The Python Analyzer module is a language-specific analyzer component responsible for parsing and extracting code structure information from Python files. It leverages Python's built-in AST (Abstract Syntax Tree) module to analyze Python source code, identify classes and functions, and extract relationships between code components.

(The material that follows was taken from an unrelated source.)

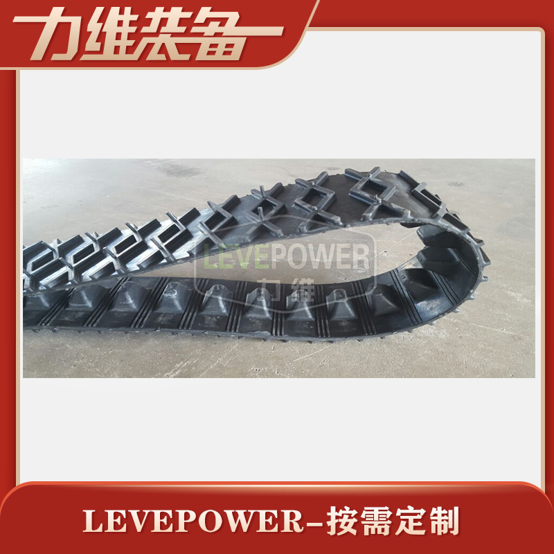 此產(chǎn)品采用復(fù)合橡膠橡膠,內(nèi)置高強度芳綸,外花紋偏向于平紋,采用網(wǎng)格狀設(shè)計,大限度的增大了履帶的接地面積,履帶式底盤裝上此產(chǎn)品走起來非常平穩(wěn)。

Key Purpose: Convert raw Python source code into a structured representation of code components (classes, functions) with their dependencies and call relationships, enabling downstream documentation generation and code analysis.


Module Architecture

System Position

The Python Analyzer is one of multiple language analyzers in the CodeWiki documentation system:

[Repository] 
    ↓
[RepoAnalyzer] → [Language-Specific Analyzers]
                    ├── Python Analyzer ← You are here
                    ├── JavaScript Analyzer
                    ├── TypeScript Analyzer
                    ├── Java Analyzer
                    ├── C/C++/C# Analyzers
                    └── PHP/Kotlin Analyzers
    ↓
[CallGraphAnalyzer] (builds call graphs from extracted nodes)
    ↓
[DocumentationGenerator] (generates markdown/HTML documentation)

Core Architecture Diagram

The Python Analyzer follows this component flow:

  1. Input: Python source file with repository context
  2. Parsing: Convert source code to AST using ast.parse()
  3. Visitor Pattern: Traverse AST with specialized handlers
  4. Output: Node objects for classes/functions and Relationship objects for dependencies
Input File → AST Parser → Tree Visitor → [ClassDef, FunctionDef, Call handlers]
                                              ↓                ↓
                                        Node Objects    Relationships

Core Components

1. PythonASTAnalyzer

Type: AST Visitor Pattern Implementation
Inherits from: ast.NodeVisitor
Responsibility: Extract code structure and relationships from Python AST

Key Attributes

Attribute Type Purpose
file_path str Path to the Python file being analyzed
content str Raw source code content
repo_path Optional[str] Repository root for relative path calculation
nodes List[Node] Extracted classes and functions
call_relationships List[CallRelationship] Function call dependencies
current_class_name Optional[str] Tracks nested class context
current_function_name Optional[str] Tracks nested function context
top_level_nodes dict Map of top-level components by name

Key Methods

__init__(file_path, content, repo_path)

Initializes the analyzer with Python file context.

Parameters:

  • file_path: Path to Python file
  • content: Raw file content
  • repo_path: Optional repository root path

Side Effects: Initializes all tracking structures


analyze()

Main analysis entry point - parses Python code and visits AST nodes.

Process:

  1. Parses content using ast.parse()
  2. Traverses AST using visitor pattern
  3. Collects nodes and relationships
  4. Handles syntax errors gracefully

Error Handling:

  • SyntaxWarnings suppressed (regex patterns in analyzed code)
  • SyntaxErrors logged with warnings
  • General exceptions logged with traceback
# Usage
analyzer = PythonASTAnalyzer(file_path, content, repo_path)
analyzer.analyze()
nodes = analyzer.nodes
relationships = analyzer.call_relationships

visit_ClassDef(node: ast.ClassDef)

Processes class definitions.

Extracts:

  • Class name and inheritance (base classes)
  • Docstring
  • Source code range
  • Component ID in format: relative_path::ClassName

Creates:

  • Node object with type "class"
  • CallRelationship for each inherited base class

Special Behavior:

  • Tracks current_class_name for nested context
  • Continues traversal into class body for methods

visit_FunctionDef(node: ast.FunctionDef) / visit_AsyncFunctionDef(node: ast.AsyncFunctionDef)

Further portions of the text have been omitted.